Department of Pharmaceutics, Faculty of Pharmacy, Jamia Hamdard, New Delhi 62, India.
Drug Discov Today. 2010 Nov;15(21-22):958-65. doi: 10.1016/j.drudis.2010.08.007. Epub 2010 Aug 17.
Self-emulsifying drug delivery systems are a vital tool in solving low bioavailability issues of poorly soluble drugs.
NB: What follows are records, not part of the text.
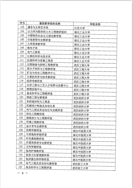 轻化工程教研室荣获“湖北省本科高校优秀基层教学组织”
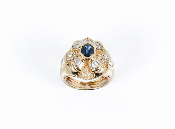 Sortija maciza en oro amarillo con un bonito zafiro azul oval, en chatón abierto, sobre orla bailarina en pavé de limpios y blancos diamantes talla brillante, alternada con motivos en banda de trapecios
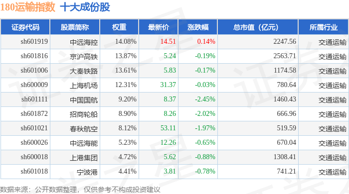 证券之星消息,10月24日,180运输(000027)指数报收于764.4点,跌1.53%,成交57.82亿元,换手率0.4%。当日该指数成份股中,上涨的有2家,山东高速以0.87%的涨幅领涨,下跌的有10家,中国国航以2.45%的跌幅领跌。
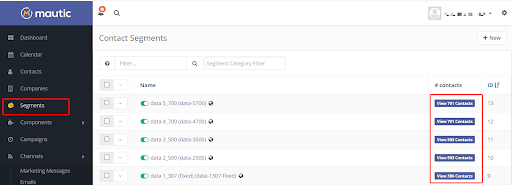 (Hình ảnh 4: Chức năng Segment trên Mautic giúp phân đoạn data)
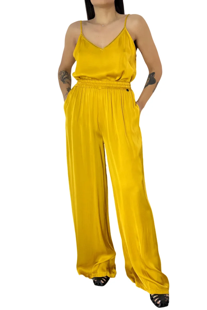 Pantalone donna in viscosa vita alta bustino elasticizzato gamba ampia e tasca a filo
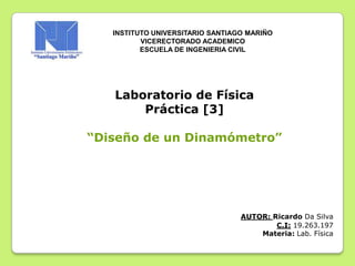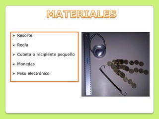 Este documento describe los pasos para diseñar un dinamómetro casero utilizando un resorte y una regla. En el paso 1, se pesan monedas para establecer su relación con la masa. En el paso 2, se arma el dinamómetro colocando un extremo del resorte en un orificio de la regla. En el paso 3, se prueba colocando diferentes masas de monedas en la cubeta, observando la elongación del resorte y su marca en la regla. El dinamómetro permite medir fuerzas aplicando el principio de Isaac

Hydrophobic drugs can be dissolved in these systems, enabling them to be administered as a unit dosage form for per-oral administration. When such a system is released in the lumen of the gastrointestinal tract, it disperses to form a fine emulsion (micro/nano) with the aid of GI fluid. This leads to in situ solubilization of drug that can subsequently be absorbed by lymphatic pathways, bypassing the hepatic first-pass effect. This article presents an exhaustive account of various literature reports on diverse types of self-emulsifying formulations with emphasis on their formulation, characterization and in vitro analysis, with examples of currently marketed preparations.
自乳化药物传递系统是解决难溶性药物生物利用度低问题的重要工具。亲脂性药物可以溶解在这些系统中,从而可以将其作为口服给药的单位剂型给药。当这样的系统在胃肠道腔中释放时,它会在 GI 液的帮助下分散形成精细的乳液(微/纳米)。这导致药物的原位增溶,随后可以通过淋巴途径被吸收,绕过肝脏首过效应。本文全面介绍了各种关于不同类型自乳化制剂的文献报告,重点介绍了它们的制剂、特性和体外分析,并举例说明了目前市售的制剂。